Aurora - 9

66.4K 8.9K 1.3K
                                    

Sisa malam gue berakhir di kamar Bryan. Sendirian. Bryan tahu diri, jadi dia pasti memilih untuk tidur bersama Loey dan Sean di kamar sebelah. Astaga.... Mimpi apa sih gue bisa menginap satu apartemen sama mereka?!

Tubuh gue terebah dengan sangat nyaman di pembaringan. Gue lelah. Gue telah mencapai titik sangat mengantuk. Di saat mata gue siap memicing, tiba-tiba¾

"AAAAARRGGHHHH!!!"

Lolongan Bryan membuat gue terkejut dan panik setengah mati.

"AARRGGHHH!!! PERGI!!! PERGI!!!"

Suara Loey yang besar itu menjerit nggak kalah kencang dari Bryan.

"AUUUU-YAAAA!!!!!!" Sean malah menjerit memanggil gue.

Gue tambah panik mendengar suara mereka yang sudah sekencang mahasiswa yang lagi demo pakai toa. Itu pita suaranya segede gorong-gorong atau gimana sih??? Gue curiga, dulu emak mereka ngidam sangkakala pas hamil.

Gue berlari secepat yang gue bisa. Tiga mahluk jantan itu masih berteriak histeris dari dalam kamar dengan suara glodakan yang rusuh banget. Gue pun membuka pintu kamar dan menemukan tiga cowok itu berdiri berhimpit-himpitan di pojok dengan muka pucat. Gue jadi tambah panik, kan!

"Ada apa?!" tanya gue ikutan heboh.

"AAAARRRGGHHHH!!!"

Mereka bertiga malah berteriak berjamaah menggunakan nada A minor, E, dan G. Muka ketiganya bertambah pucat eraya kabur bersamaan. Mereka kompakan sembunyi di belakang gue.

"Ada apa ini?!" tanya gue makin bingung.

Sean menunjuk ke dinding dekat ranjang yang membuat gue terperangah.

"Kecoa?!"

Itu doang?! Seriously?! Mereka jejeritan macem anak gadis yang histeris liat abs dan otot di badan Sean cuma gara-gara kecoa???

"Itu? Hanya itu?" tanya gue memastikan.

Jawaban mereka nggak gue butuhkan karena tiba-tiba ada kecoa terbang ke arah kami. Tiga cowok yang gagal mempesona di belakang gue itu pun langsung berteriak melengking, lalu berikutnya yang gue denger adalah suara berdebum.

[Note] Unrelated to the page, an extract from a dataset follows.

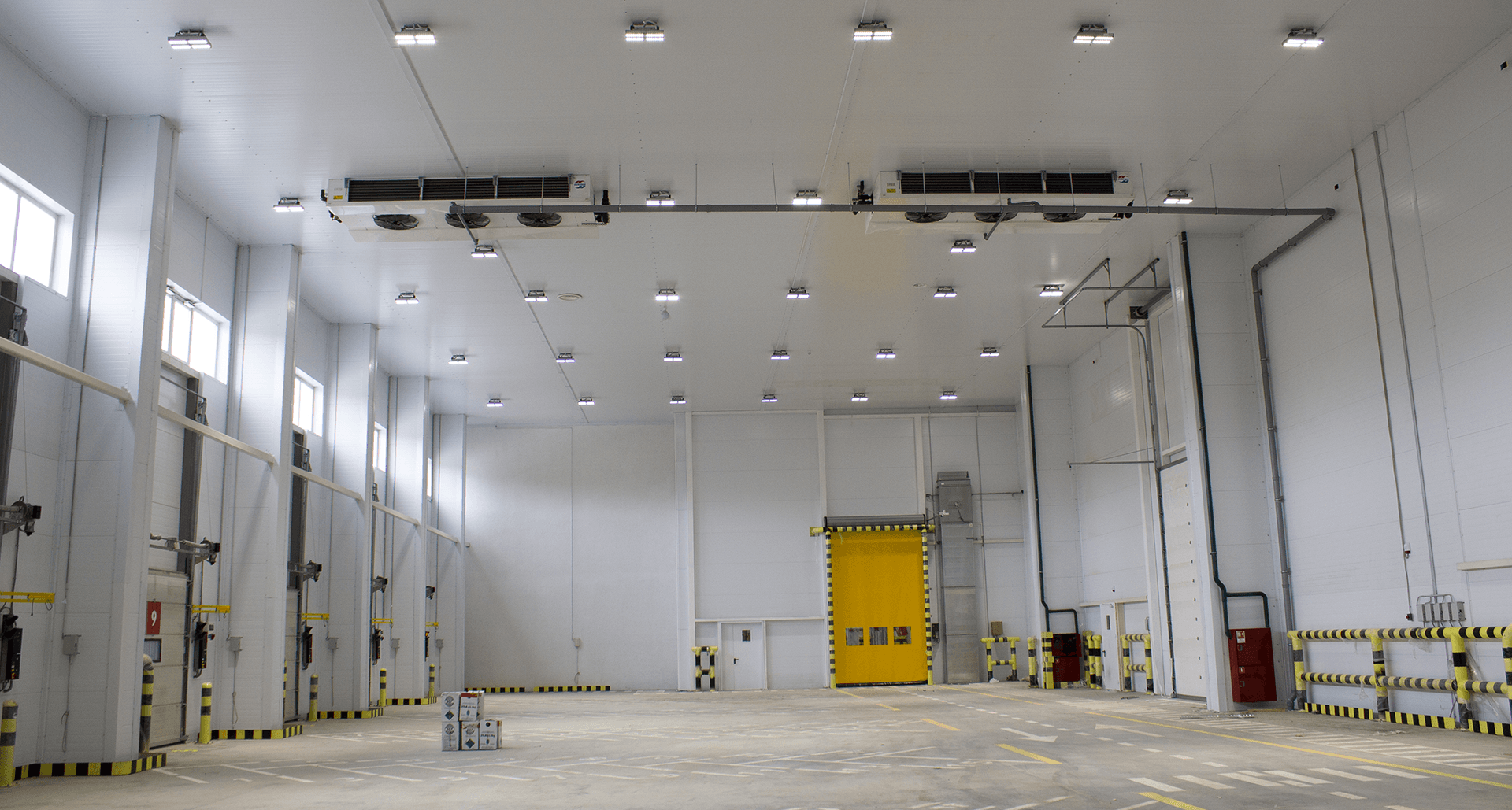 Основное освещение складских помещений выполнено с применением светильников с системой управления DALI и интеллектуальной системой управления ME 6 6 DALI от компании DEUS. Для управления более чем 1300 светильниками (или 2600 драйверами DALI), поскольку HD LED – двухмодульный, были установлены 32 роутера управления, 156 комбинированных датчиков освещенности и присутствия EBDHS-DNET1 и один сервер с платформой ME6 DALI. Все это обеспечивает работу осветительной системы по требованиям заказчика.Установленные датчики движения позволяют включать только ту зону, в которой присутствует движение. Тем самым, срок службы осветительного оборудования увеличивается, а датчики освещенности обеспечивают экономию энергопотребления всей системы до 50%.Выполнен светотехнический расчет, подбор оборудования, шеф-монтаж.

Gue menoleh dan mata gue hampir melompat melihat Sean pingsan dengan satu kecoa yang mendarat manja di wajahnya. Haduh! Nih cowok, ya! Dada boleh sebidang lapangan bola, perut boleh berpetak-petak kayak sawah. Tapi pingsan ketemu kecoa?!

Hhhh....

Bukannya menolong Sean yang pingsan, Bryan sama Loey malah menjauh gara-gara melihat kecoa itu masih menempel di kening Sean. Gue nggak bisa meletakkan harapan tinggi-tinggi ke mereka. Gue pun bersimpuh di dekat Sean untuk memegang antena kecoa itu.

Dengan segera gue masuk ke toilet. Gue mengambil sabun cair yang akhirnya gue tuang ke badan kecoa itu. Setelah sekarat, gue melempar mahluk itu ke dalam toilet, lalu gue flush sampai lenyap dari hadapan gue.

"Sean! Bangun- AAAARRGGHHH!!!" jerit Loey.

Nah, apalagi tuh? Pasti kecoa yang di dinding tadi!

"Au-yaaa!!! Cepaaattt!!!" jerit Loey.

Gue segera meluncur ke mereka. Dugaan gue tepat. Kecoa yang gue maksud jalan merangkak dengan super percaya diri ke arah Loey. Gue bergerak cepat mengambil minyak kayu putih dari dalam ransel, lalu gue meneteskan minyak kayu putih ke badan kecoa sialan itu. Beberapa waktu berlalu, dan akhirnya gue, Loey, dan Bryan jadi kesaksian tewasnya dua kecoa hari ini.

"Sudah. Beres."

Gue mengambil kecoa itu dan nge-flush lagi. Saat gue kembali, Sean sudah sadar. Dia masih bengong. Tapi sebengong-bengongnya dia, tetep aja ganteng.